L’appel de A se cantonne exclusivement aux volets indiqués ci -dessus. Cette limitation est sans équivoque et se reflète également dans le dispositif de l’acte d’appel où une réformation est uniquement sollicitée sur ces volets.
Ce n’est que dans son corps de conclusions subséquent que l’appelant conclut à l’obtention de la somme de 299 euros, avec les intérêts légaux depuis le 16 décembre 2013, date de la saisie des pneus.
L’appelant ayant limité son appel à certaines questions clairement définies, il ne saurait étendre la saisine de la juridiction d’appel à d’autres chefs, par des conclusions ultérieures, ce d’autant plus que ce chef n’a pas non plus été demandé en première instance. L’appel est donc irrecevable pour autant qu’il concerne l’obtention de la somme de 299 euros.
La demande de l’Etat L’article L.521- 4 (5) prévoit que « le jugement ou l’arrêt déclarant abusif le licenciement du salarié (…) condamne l’employeur à rembourser au Fonds pour l’emploi les indemnités de chômage par lui versées au salarié pour la ou les périodes couvertes par les salaires ou indemnités que l’employeur est tenu de verser en application du jugement ou de l’arrêt… ». Au vu de ce qui précède, à savoir que la demande en indemnisation du préjudice matériel a été dite non fondée, la demande de l’Etat à l’égard du SOC 1) suit le même sort. Les indemnités de procédure A demande une indemnité de procédure de 1.500 euros pour chacune des deux instances, sur base de l’article 240 du Nouveau Code de procédure civile. Le SOC 1) demande une indemnité de procédure de 2.000 euros pour l’instance d’appel.
10 Chaque partie conteste les demandes adverses.
Au vu de l’issue du litige, la demande du SOC 1) est à rejeter.

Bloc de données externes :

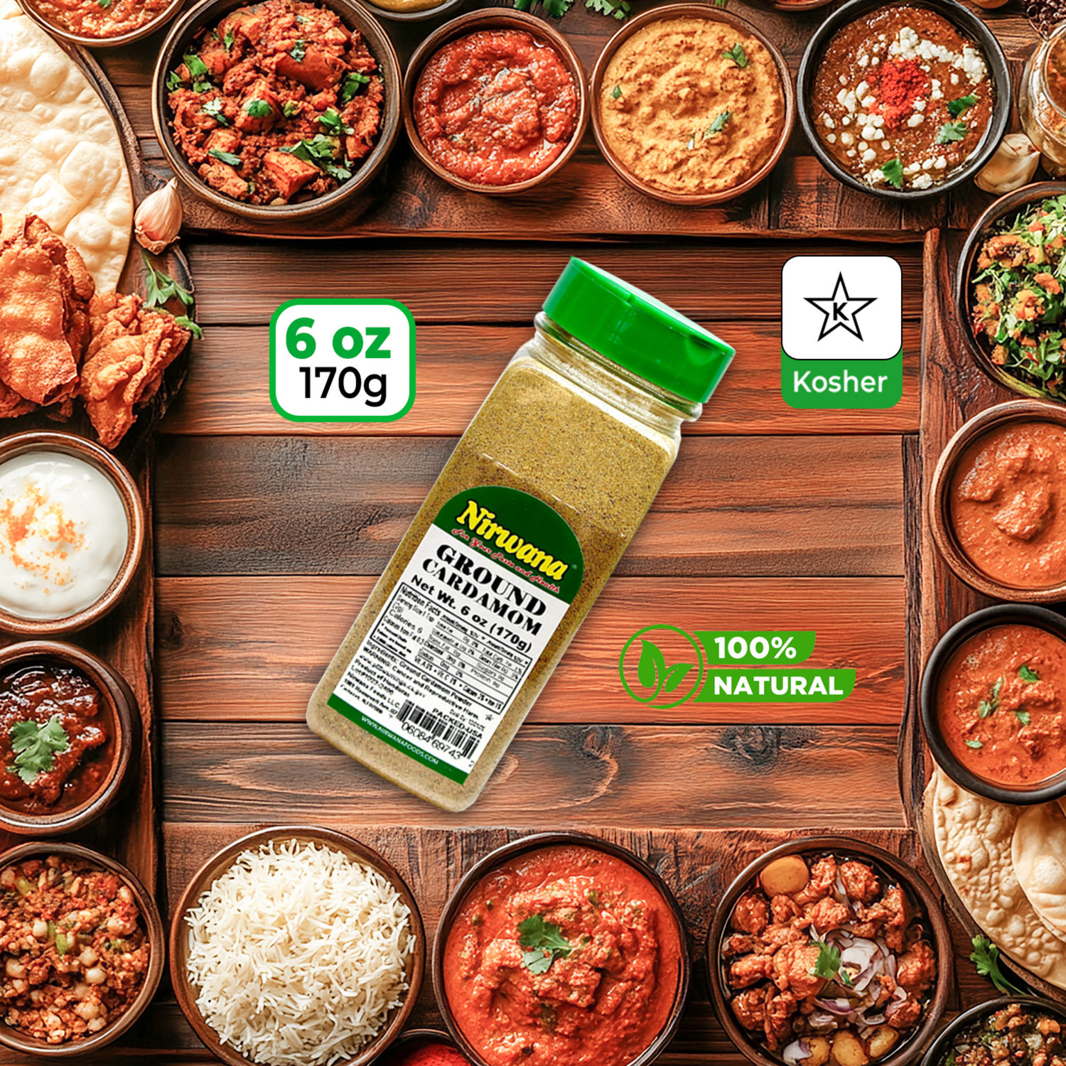 Nirwana Ground Cardamom – 6oz Small Jar | Premium Aromatic Cardamom Powder for Baking & Cooking

Faute par A d’avoir prouvé l’iniquité requise par l’article 240 du Nouveau Code de procédure civile, ses demandes sont également à rejeter.
PAR CES MOTIFS :
la Cour d’appel, troisième chambre, siégeant en matière de droit du travail, statuant contradictoirement,
déclare l’appel irrecevable pour autant qu’il concerne la demande en obtention de la somme de 299 euros,
déclare l’appel recevable pour le surplus,
le dit partiellement fondé,
par réformation,
dit abusif le licenciement avec effet immédiat prononcé le 11 décembre 2013,
dit fondées les demandes de A en obtention d’une indemnité compensatoire de préavis de 21.399,84 euros, d’une indemnité de départ de 7.133,28 euros, et de l’indemnisation du préjudice moral de 3.000 euros,
partant condamne la société à responsabilité limitée SOC 1) SARL à payer à A la somme de 31.533,12 euros, avec les intérêts légaux depuis la demande en justice, jusqu’à solde,
dit non fondée la demande de A en réparation du préjudice matériel,
en déboute,
dit non fondée la demande de l’Etat, pris en sa qualité de gestionnaire du Fonds pour l’emploi,
en déboute,
rejette les demandes de A et de la société à responsabilité limitée SOC 1) SARL sur base de l’article 240 du Nouveau Code de procédure civile,
11 condamne la société à responsabilité limitée SOC 1) SARL aux frais et dépens de l’instance, avec distraction au profit de Me Georges PIERRET, qui affirme en avoir fait l’avance.
La lecture du présent arrêt a été faite en la susdite audience publique par Monsieur le président de chambre Alain THORN, en présence du greffier Isabelle HIPPERT.